Using the records that follow, reproduce exactly the lines starting at the line containing "Cùng ngày, UEF" and ending at the line containing "ArchiPro Project Summary". Include both end lines and no pictures.

**Provided records:**
|---|

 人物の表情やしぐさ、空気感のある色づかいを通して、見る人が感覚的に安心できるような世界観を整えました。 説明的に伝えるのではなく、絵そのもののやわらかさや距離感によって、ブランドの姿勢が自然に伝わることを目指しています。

|---|

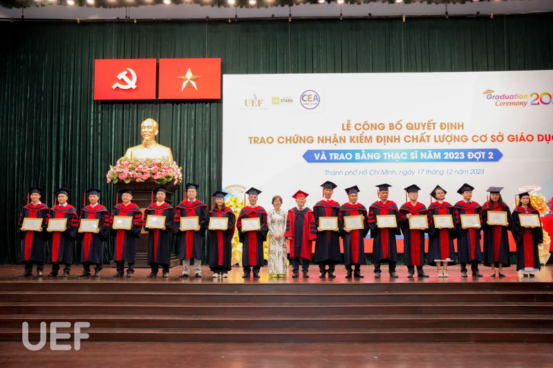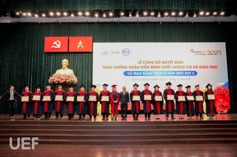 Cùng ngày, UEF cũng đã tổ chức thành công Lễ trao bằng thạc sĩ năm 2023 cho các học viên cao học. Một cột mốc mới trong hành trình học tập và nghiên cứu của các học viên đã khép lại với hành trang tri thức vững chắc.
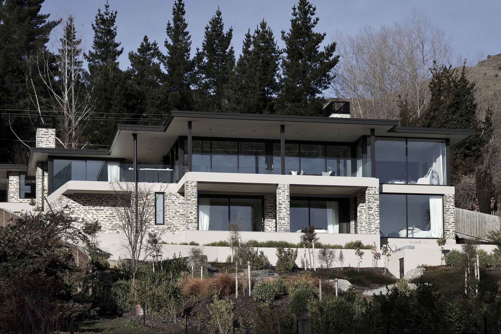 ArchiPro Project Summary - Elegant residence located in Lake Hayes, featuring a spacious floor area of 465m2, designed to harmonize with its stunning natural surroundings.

|---|

**Answer to the problem:**
 Cùng ngày, UEF cũng đã tổ chức thành công Lễ trao bằng thạc sĩ năm 2023 cho các học viên cao học. Một cột mốc mới trong hành trình học tập và nghiên cứu của các học viên đã khép lại với hành trang tri thức vững chắc.
 ArchiPro Project Summary - Elegant residence located in Lake Hayes, featuring a spacious floor area of 465m2, designed to harmonize with its stunning natural surroundings.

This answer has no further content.